私たちが自由を守り抜くためには自由諸国民が団結しなくてはなりません。改めてヤスパースの語った言葉を思い出します。カール・ヤスパースの『根源的に問う 哲学対話集<ハンス・ザーナー編>』(武藤光朗・赤羽竜夫訳)に収録された、武藤光朗との対話「人間の自由の未来のために」を読み返しています。雑『自由』昭和三十七年一月号に掲載されたものです。
ヤスパースは、ロシアと中国に対抗して、自由緒国民の結束を訴えたのです。東アジアが危機的な状況を迎えているからこそ、なおさら説得力のある言葉ではないかと思います。唯一そこに日本が含まれてゐるのが、重要な役割を担っているからなのです。

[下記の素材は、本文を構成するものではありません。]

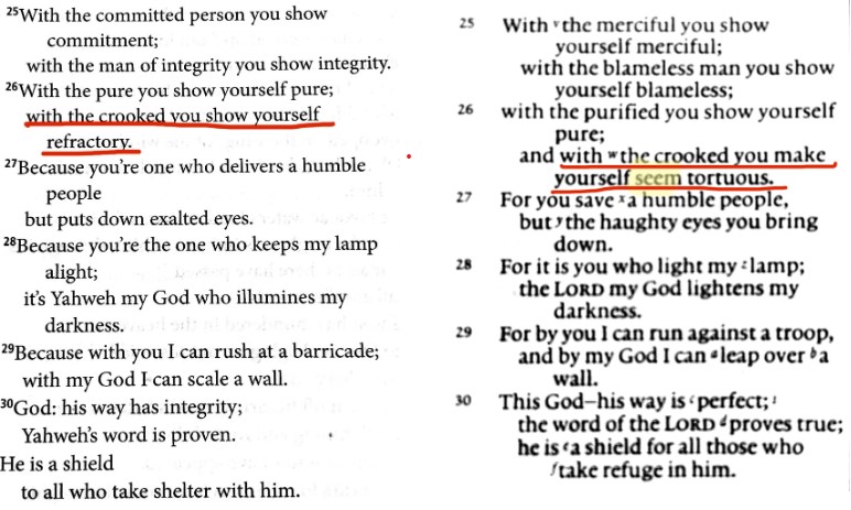 This is going a bit too far for the ESV translators, who are unwilling to run the risk that we may conclude that God is refractory, tortuous, crooked! So they throw in “seem”: “you make yourself seem tortuous.” Where did they get “seem”? Out of thin air. Or rather, out of their comprehensive theological understanding. The Bible can’t possibly say anything that isn’t exactly right, and it wouldn’t be exactly right to say that God shows himself to be tortuous, because tortuous is bad and God can’t be anything bad. Hence: “seem.”
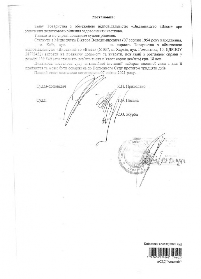 Вчера ситуация изменилась. Апелляционный суд удовлетворил заявление издательства Vivat и дополнительным постановлением взыскал с Медведчука 139,5 тыс. грн., потраченных Издательством на правовую помощь в апелляционной инстанции.
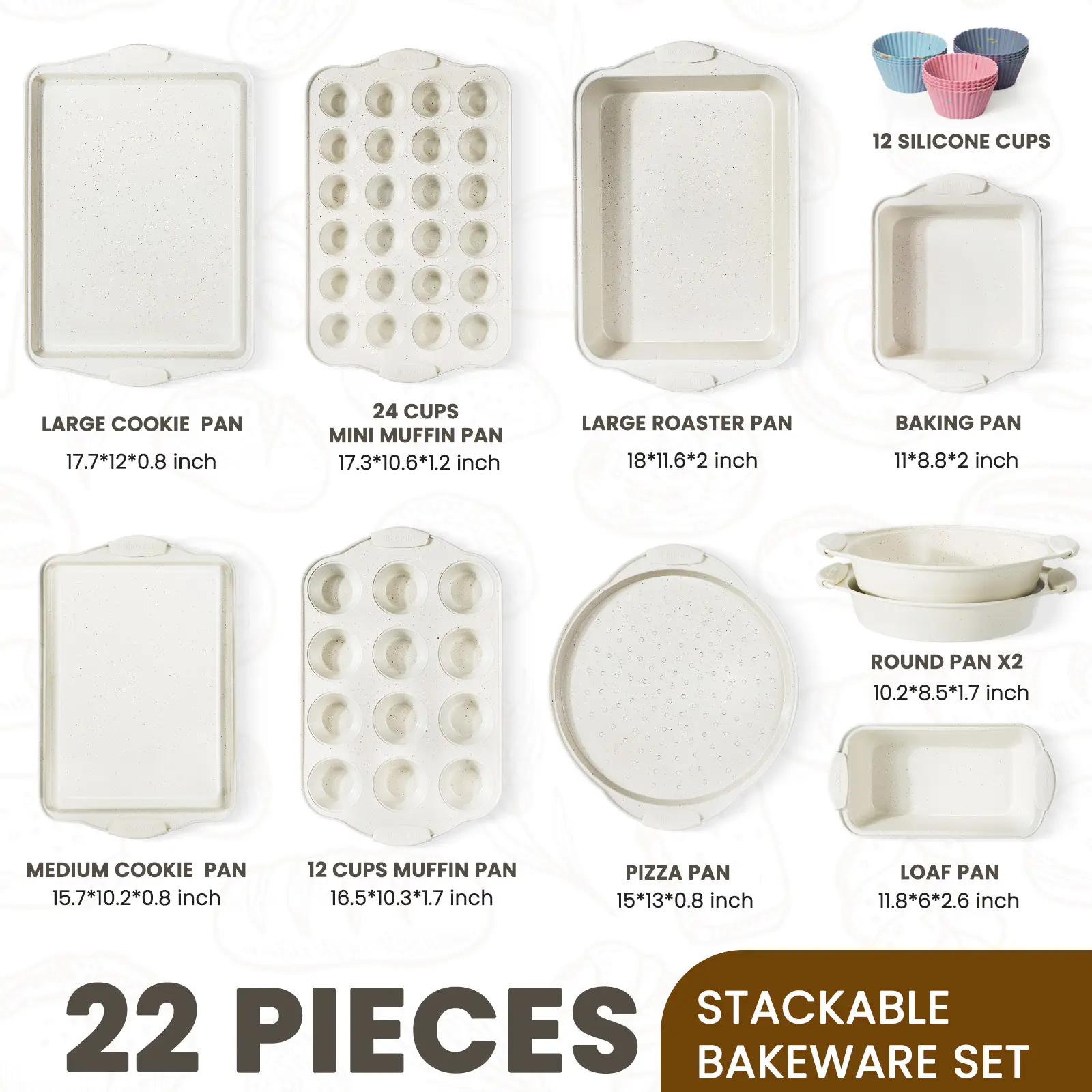 ·VERSATILE 22-PIECE SET: Includes various baking pans for roasting, baking, and more, catering to a wide range of recipes and culinary needs.
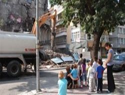Okulların tatil olması nedeniyle günlerin sokakta oynarak geçiren çocuklar da hiç bir güvenlik önleminin alınmadığı bölgede yıkım izliyor. Sokak sakinleri yaklaşık bir haftadır süren çalışmaların yaptıkları uyarılara karşın emniyet şeridi çekilmeden sürdürüldüğünü savunuyor. Yıkım çalışmasını yürüten ekipler de çalışma alanını tribüne dönüştüren meraklı gözlerden şikayetçi.
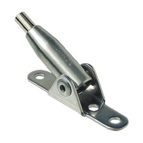 ボード等の側面にビス4本で固定します。180度回転するので、上面に取付けての傾斜吊りも可能です。ワイヤーは貫通し、位置調整が簡単に行えます。ワイヤーをピンから差し込むだけでしっかりと固定。パネルの吊り |

「自由諸国民の共同体とは、北米、ヨーロッパ諸国及び、日本であって、今のところそれ以外にはありません。私はインドを自由諸国民に数えるわけにはいきません。インドはきわめて動揺する姿を見せていますし、国内が安定していません。ですから、内にしっかりした力をそなえている真に自由な国民は、繰り返して申しますが、北米とヨーロッパ諸国と日本だけです。これらの国は、おたがいにたよりにできることがわかるように団結しなければならない。こうした連帯性は、もっとも強力な国を進んで指導的な国と認め、自由にかかわるような紛争の場合には、自国の国家的要求をひっこめ、また、かりに別のことをのぞんでいても、それらをあきらめて、その指導的な国に従う覚悟をもってはじめて、事実上可能となるのです」
ヤスパースの方針は間違ってはいませんでした。恐怖政治が中露全体に吹き荒れ、台湾までもその影響下には入ろうとしているからです。自由緒国民の陣営に与することでしか、自由であり続けることはできないし、抑圧された人たちの解放にも結びつかないのですから。NATOに日本が参加することも、今後検討されるべきではないかと思います。